Page MenuHomePhabricator

Infinite rerender loop in RESTBase
Closed, ResolvedPublic

Description

For some reason the rerender of HTML for the page https://commons.wikimedia.org/wiki/User_talk:BKMzastavka got caught in an infinite loop creating millions of copies of the same thing in the stashing table.

This resulted in 100 writes per second into the stashing table and a partition that grown to 150 gb.
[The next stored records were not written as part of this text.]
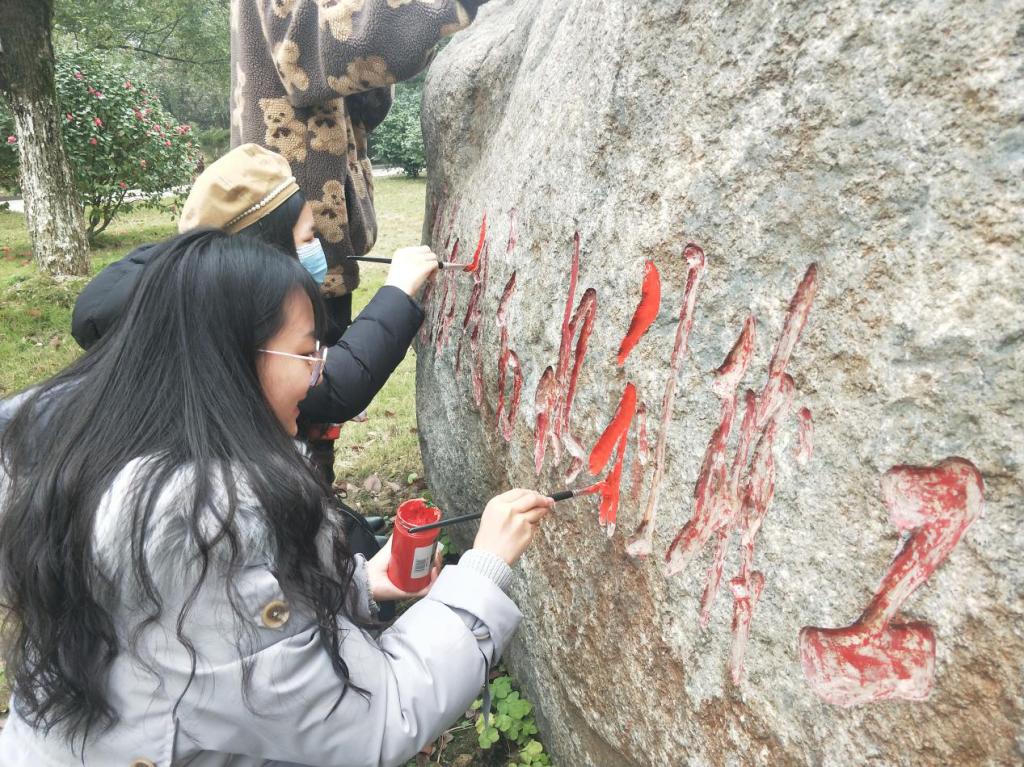 活动开始,志愿者们拿着画笔和颜料在景观石上进行修复描红。尽管寒风呼啸,志愿者们仍坚持描红,服务校园文化的传播,传承校园文化的精神。在负责人的带领下,志愿者们高效的完成了本次的活动,志愿者用勤劳的双手,让原本黯淡的景观石焕然一新。最后,参与活动的相关人员一同在修复描红完的景观石前合影留念。
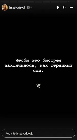 «Чтобы это быстрее закончилось, как страшный сон», — написала Медведева, добавив белого голубя.
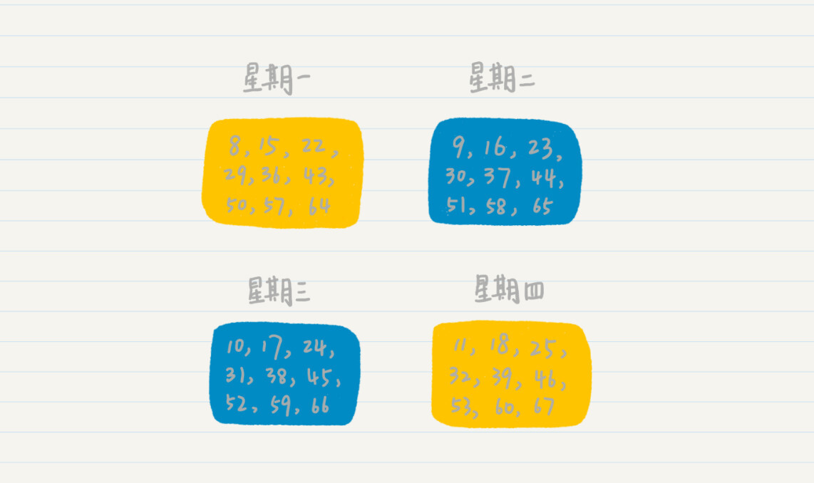 我们再拿上面星期的例子来看。假如今天是星期一,从今天开始的100天里,都有多少个星期呢?你拿100除以7,得到商14余2,也就是说这100天里有14周多2天。换个角度看,我们可以说,这100天里,你的第1天、第8天、第15天等等,在余数的世界里都被认为是同一天,因为它们的余数都是1,都是星期一,你要上班的日子。同理,第2天、第9天、第16天余数都是2,它们都是星期二。
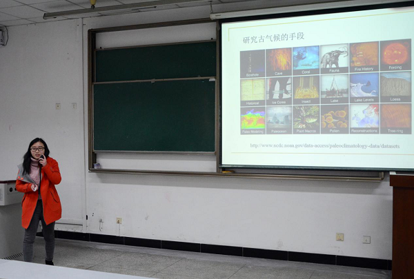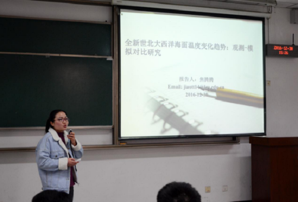 焦腾腾作了题为《全新世北大西洋海面温度变化趋势:观测-模拟对比研究》的报告,她利用全球大气-海洋-海冰耦合的气候模式进行数值模拟,对Mg/Ca重建的全新世北大西洋海表面温度变化趋势与UK'37重建的结果对比,得到北大西洋海表面温度的时间、空间变化情况。

It seems like the loop is originate within RESTBase itself. One weird thing about the page is than in the latest table there was a revision which according to MW doesn't even exist:

select * from "commons_T_parsoid__ng_html".data where "_domain" = 'commons.wikimedia.org' and key = 'User_talk:BKMzastavka';

User_talk:BKMzastavka | 269290610 | ed7e5e6e-d283-11e7-830e-948a9d85eed2
User_talk:BKMzastavka | 269070421 | b00719f8-d1cf-11e7-9ac5-c1fd1670d9dd
User_talk:BKMzastavka | 269070421 | e1aca272-d188-11e7-86f8-ead141b8ee5a

The revision number 269290610 doesn't exist. So, on an attempt to save a new render of 269070421, the latest bucket reported 412 (meaning that the content should be stored in the fallback bucket). The check for content equality probably also failed because of that 269290610 revision existence. The most pressing open question is why did it begin infinitely looping?

Event Timeline

Interesting, that revision 269290610 actually did exist for the page once, but it was somehow deleted, since that revision ID exists in MySQL archive table.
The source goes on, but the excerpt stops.